Exact wording is required: give all the records again, minus the pictures.

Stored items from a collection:
------------------------------------
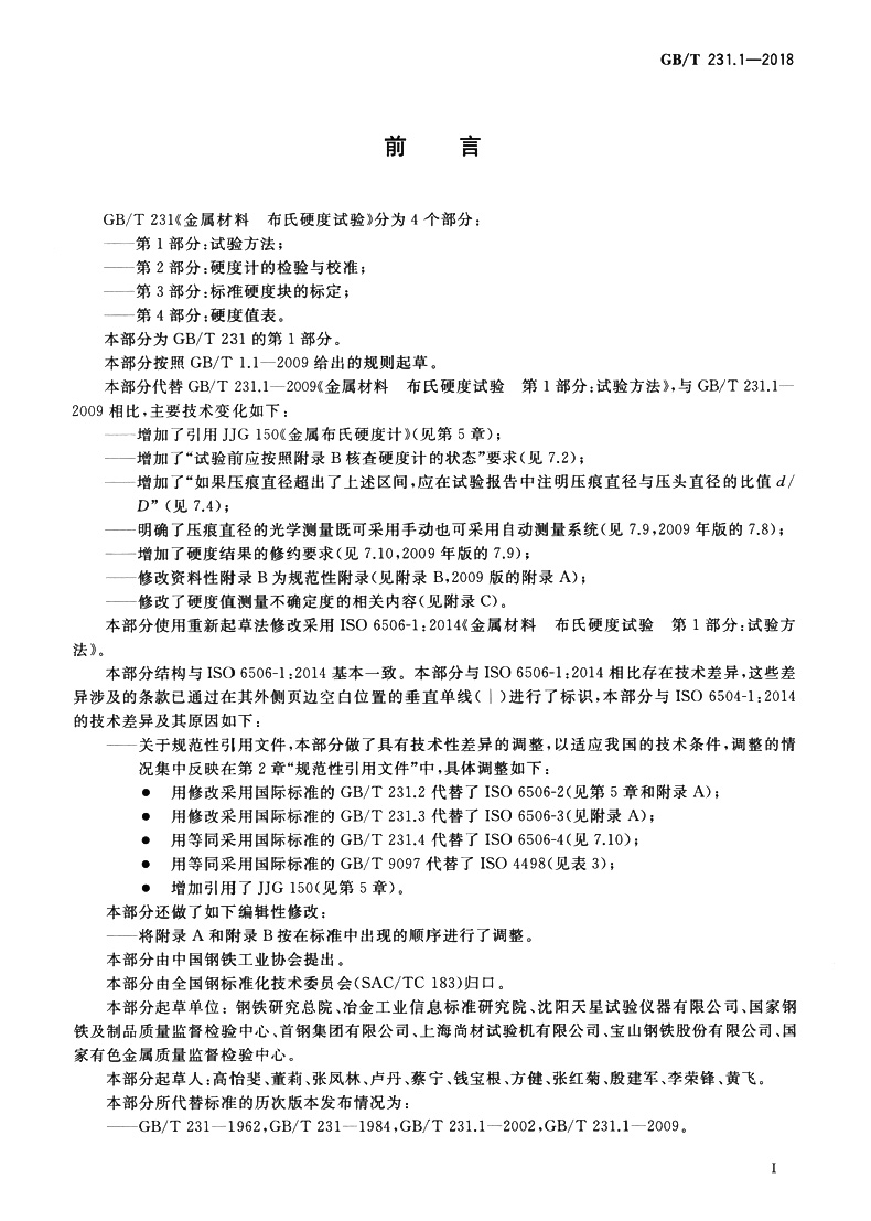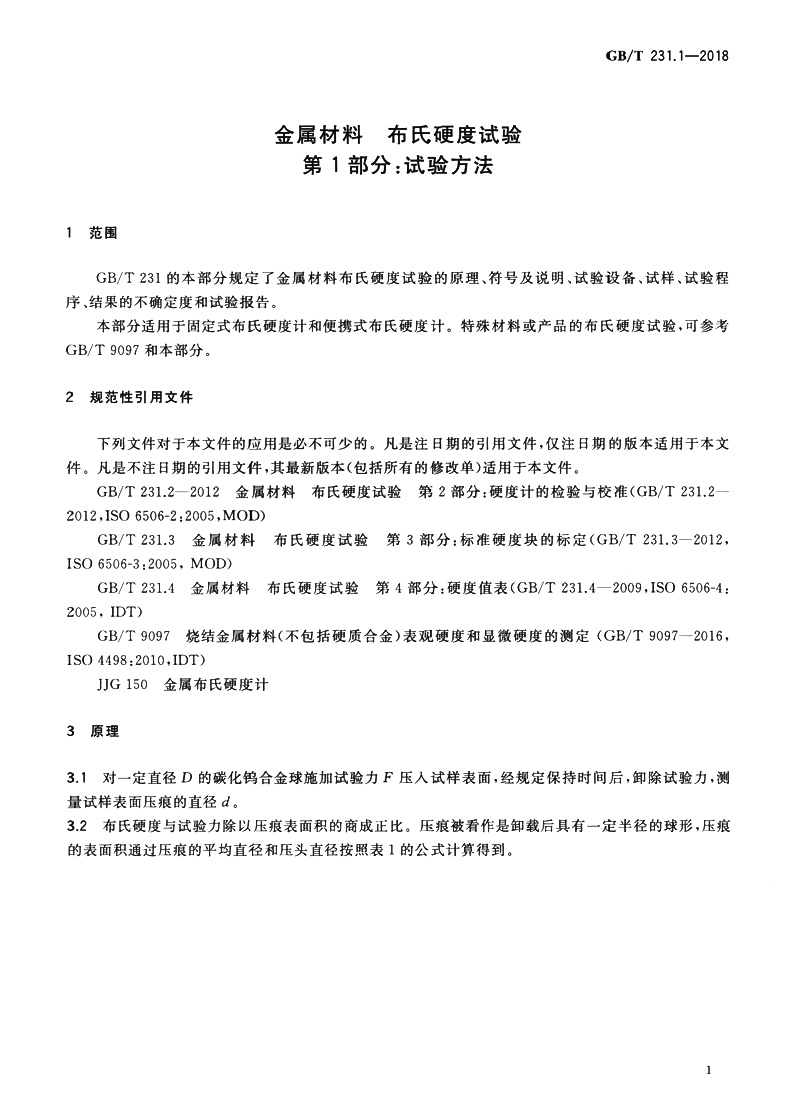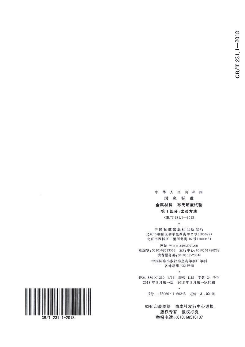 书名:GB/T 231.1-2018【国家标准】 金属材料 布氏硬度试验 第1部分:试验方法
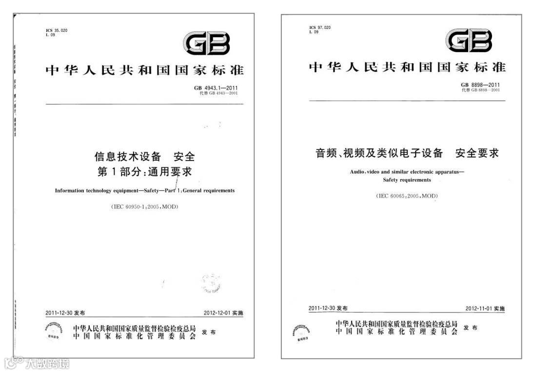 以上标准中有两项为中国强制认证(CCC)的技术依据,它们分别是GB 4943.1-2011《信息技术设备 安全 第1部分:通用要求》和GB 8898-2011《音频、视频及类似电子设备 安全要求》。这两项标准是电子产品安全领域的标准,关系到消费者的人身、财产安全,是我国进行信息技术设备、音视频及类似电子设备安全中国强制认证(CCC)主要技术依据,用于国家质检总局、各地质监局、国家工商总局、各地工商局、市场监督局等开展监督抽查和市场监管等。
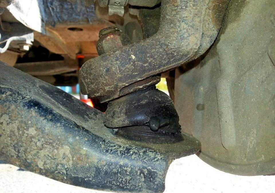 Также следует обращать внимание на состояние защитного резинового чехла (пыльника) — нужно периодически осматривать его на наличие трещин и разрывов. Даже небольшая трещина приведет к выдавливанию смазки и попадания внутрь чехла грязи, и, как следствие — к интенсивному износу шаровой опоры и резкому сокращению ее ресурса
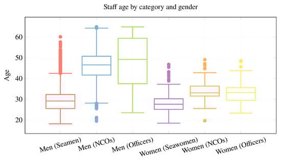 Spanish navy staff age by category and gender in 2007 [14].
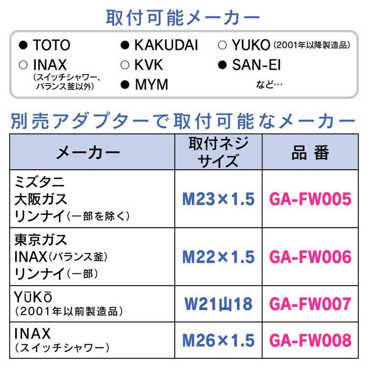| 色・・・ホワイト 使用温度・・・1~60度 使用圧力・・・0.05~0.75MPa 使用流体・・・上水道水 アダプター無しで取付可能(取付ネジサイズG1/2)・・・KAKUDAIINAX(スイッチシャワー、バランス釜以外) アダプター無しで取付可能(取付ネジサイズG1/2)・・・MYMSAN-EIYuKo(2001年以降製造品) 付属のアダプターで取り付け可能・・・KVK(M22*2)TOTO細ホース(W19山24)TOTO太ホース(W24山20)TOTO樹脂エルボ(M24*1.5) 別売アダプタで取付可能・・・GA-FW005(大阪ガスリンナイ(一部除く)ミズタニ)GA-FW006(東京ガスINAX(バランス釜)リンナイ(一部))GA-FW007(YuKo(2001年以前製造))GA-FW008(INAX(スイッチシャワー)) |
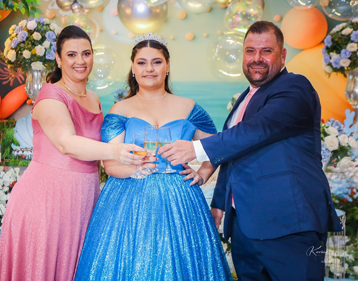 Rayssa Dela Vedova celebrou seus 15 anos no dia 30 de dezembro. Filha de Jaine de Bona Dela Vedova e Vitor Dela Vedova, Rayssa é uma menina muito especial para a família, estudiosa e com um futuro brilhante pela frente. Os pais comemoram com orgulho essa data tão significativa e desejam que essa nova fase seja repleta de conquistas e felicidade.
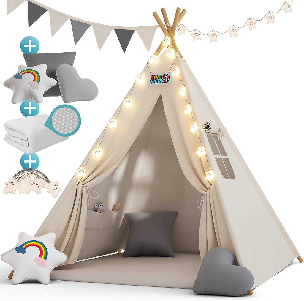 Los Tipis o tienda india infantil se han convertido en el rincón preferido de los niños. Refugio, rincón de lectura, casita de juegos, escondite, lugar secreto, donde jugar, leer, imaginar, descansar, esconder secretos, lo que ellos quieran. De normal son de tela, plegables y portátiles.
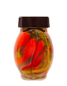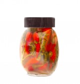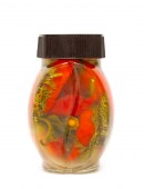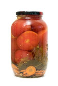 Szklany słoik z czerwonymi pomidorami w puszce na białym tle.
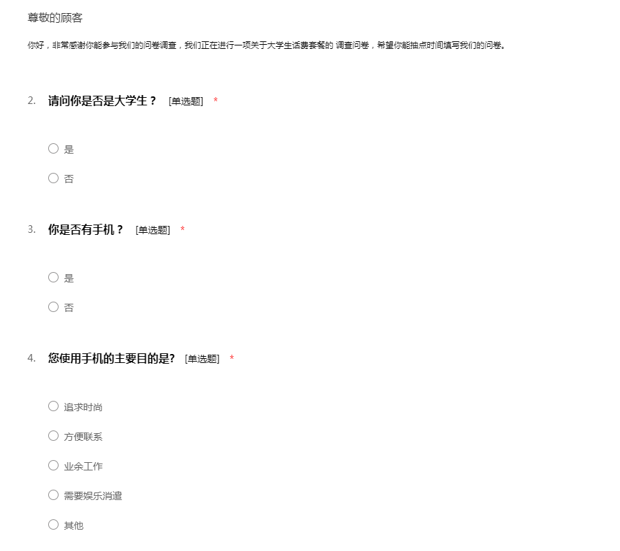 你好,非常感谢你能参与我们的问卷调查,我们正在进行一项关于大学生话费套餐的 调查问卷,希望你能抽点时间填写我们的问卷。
------------------------------------
The answer -
 书名:GB/T 231.1-2018【国家标准】 金属材料 布氏硬度试验 第1部分:试验方法
 以上标准中有两项为中国强制认证(CCC)的技术依据,它们分别是GB 4943.1-2011《信息技术设备 安全 第1部分:通用要求》和GB 8898-2011《音频、视频及类似电子设备 安全要求》。这两项标准是电子产品安全领域的标准,关系到消费者的人身、财产安全,是我国进行信息技术设备、音视频及类似电子设备安全中国强制认证(CCC)主要技术依据,用于国家质检总局、各地质监局、国家工商总局、各地工商局、市场监督局等开展监督抽查和市场监管等。
 Также следует обращать внимание на состояние защитного резинового чехла (пыльника) — нужно периодически осматривать его на наличие трещин и разрывов. Даже небольшая трещина приведет к выдавливанию смазки и попадания внутрь чехла грязи, и, как следствие — к интенсивному износу шаровой опоры и резкому сокращению ее ресурса
 Spanish navy staff age by category and gender in 2007 [14].
| 色・・・ホワイト 使用温度・・・1~60度 使用圧力・・・0.05~0.75MPa 使用流体・・・上水道水 アダプター無しで取付可能(取付ネジサイズG1/2)・・・KAKUDAIINAX(スイッチシャワー、バランス釜以外) アダプター無しで取付可能(取付ネジサイズG1/2)・・・MYMSAN-EIYuKo(2001年以降製造品) 付属のアダプターで取り付け可能・・・KVK(M22*2)TOTO細ホース(W19山24)TOTO太ホース(W24山20)TOTO樹脂エルボ(M24*1.5) 別売アダプタで取付可能・・・GA-FW005(大阪ガスリンナイ(一部除く)ミズタニ)GA-FW006(東京ガスINAX(バランス釜)リンナイ(一部))GA-FW007(YuKo(2001年以前製造))GA-FW008(INAX(スイッチシャワー)) |
 Rayssa Dela Vedova celebrou seus 15 anos no dia 30 de dezembro. Filha de Jaine de Bona Dela Vedova e Vitor Dela Vedova, Rayssa é uma menina muito especial para a família, estudiosa e com um futuro brilhante pela frente. Os pais comemoram com orgulho essa data tão significativa e desejam que essa nova fase seja repleta de conquistas e felicidade.
 Los Tipis o tienda india infantil se han convertido en el rincón preferido de los niños. Refugio, rincón de lectura, casita de juegos, escondite, lugar secreto, donde jugar, leer, imaginar, descansar, esconder secretos, lo que ellos quieran. De normal son de tela, plegables y portátiles.
 Szklany słoik z czerwonymi pomidorami w puszce na białym tle.
 你好,非常感谢你能参与我们的问卷调查,我们正在进行一项关于大学生话费套餐的 调查问卷,希望你能抽点时间填写我们的问卷。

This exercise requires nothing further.